At the expense of greater computational complexity, the process may also take into consideration changes in spectral composition with respect to time in discrete frequency subbands (fixed or dynamically determined or both fixed and dynamically determined subbands) rather than the full bandwidth. This alternative approach takes into account more than one audio stream in different frequency subbands rather than assuming that only a single stream is perceptible at a particular time.
Auditory event detection may be implemented by dividing a time domain audio waveform into time intervals or blocks and then converting the data in each block to the frequency domain, using either a filter bank or a time-frequency transformation, such as the FFT. The amplitude of the spectral content of each block may be normalized in order to eliminate or reduce the effect of amplitude changes. Each resulting frequency domain representation provides an indication of the spectral content of the audio in the particular block. The spectral content of successive blocks is compared and changes greater than a threshold may be taken to indicate the temporal start or temporal end of an auditory event.
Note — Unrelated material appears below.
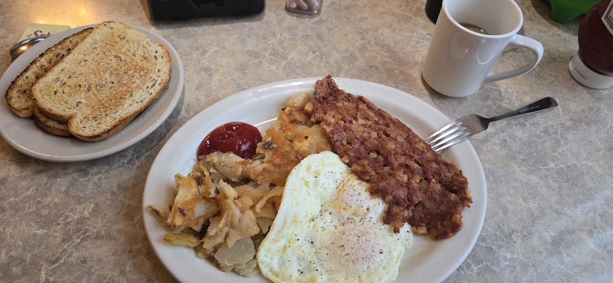 Scrapple on deck . Nice place with very good service. They also had some nice scraple . If you know you know. I will try them again.

Preferably, the frequency domain data is normalized, as is described below. The degree to which the frequency domain data needs to be normalized gives an indication of amplitude. Hence, if a change in this degree exceeds a predetermined threshold that too may be taken to indicate an event boundary. Event start and end points resulting from spectral changes and from amplitude changes may be ORed together so that event boundaries resulting from either type of change are identified.
Although techniques described in said Crockett and Crockett at al applications and papers are particularly useful in connection with aspects of the present invention, other techniques for identifying auditory events and event boundaries may be employed in aspects of the present invention.
According to one embodiment, a method for processing an audio signal is disclosed. The, the method includes monitoring a characteristic of the audio signal, identifying a change in the characteristic, establishing an auditory event boundary to identify the change in the characteristic, wherein an audio portion between consecutive auditory event boundaries constitutes an auditory event, and the applying a modification to the audio signal based in part on an occurrence of an auditory event.
In some embodiments, the method operates on an audio signal that includes two or more channels of audio content. In these embodiments, the auditory event boundary is identified by examining changes in the characteristic between the two or more channels of the audio signal. In other embodiments, the audio processing method generates one or more dynamically-varying parameters in response to the auditory event.
Typically, an auditory event is a segment of audio that tends to be perceived as separate and distinct. One usable measure of signal characteristics includes a measure of the spectral content of the audio, for example, as described in the cited Crockett and Crockett et al documents. All or some of the one or more audio dynamics processing parameters may be generated at least partly in response to the presence or absence and characteristics of one or more auditory events. An auditory event boundary may be identified as a change in signal characteristics with respect to time that exceeds a threshold. Alternatively, all or some of the one or more parameters may be generated at least partly in response to a continuing measure of the degree of change in signal characteristics associated with said auditory event boundaries. Although, in principle, aspects of the invention may be implemented in analog and/or digital domains, practical implementations are likely to be implemented in the digital domain in which each of the audio signals are represented by individual samples or samples within blocks of data. In this case, the signal characteristics may be the spectral content of audio within a block, the detection of changes in signal characteristics with respect to time may be the detection of changes in spectral content of audio from block to block, and auditory event temporal start and stop boundaries each coincide with a boundary of a block of data. It should be noted that for the more traditional case of performing dynamic gain changes on a sample-by-sample basis, that the auditory scene analysis described could be performed on a block basis and the resulting auditory event information being used to perform dynamic gain changes that are applied sample-by-sample.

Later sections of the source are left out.